◆ Required work: Quote the entries in full, character for character, without their images.
=== Section Start ===
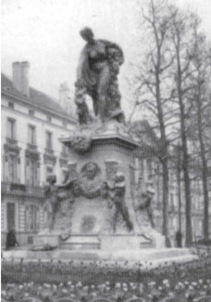
Gedenkteken Oswald de Kerchove - 1923.
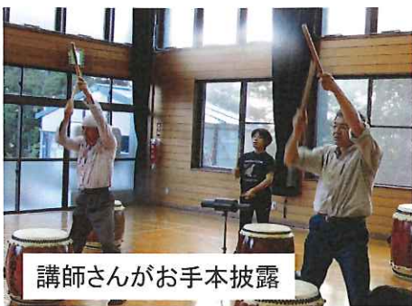
講師さんがお手本披露

今年も10月20日の芸・農・まつり「お楽しみステージ」にて披露する予定ですので、是非ご覧ください。
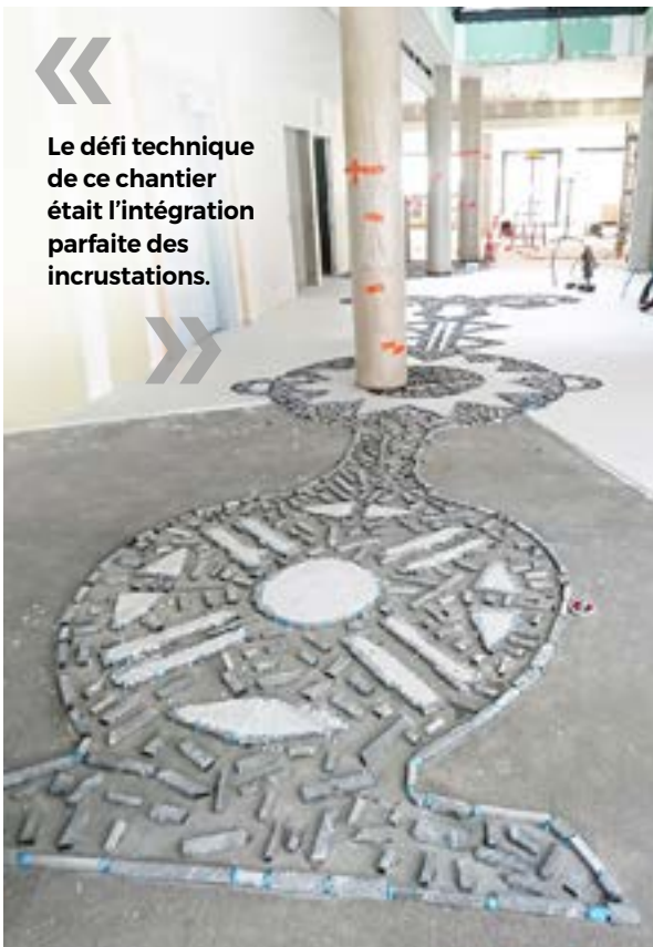
▼ Un travail minutieux d'intégration des incrustations

« Le défi technique de ce chantier était l'intégration parfaite des incrustations. »
=== Section End ===
◆ The completed task:
Gedenkteken Oswald de Kerchove - 1923.
講師さんがお手本披露

今年も10月20日の芸・農・まつり「お楽しみステージ」にて披露する予定ですので、是非ご覧ください。
▼ Un travail minutieux d'intégration des incrustations

« Le défi technique de ce chantier était l'intégration parfaite des incrustations. »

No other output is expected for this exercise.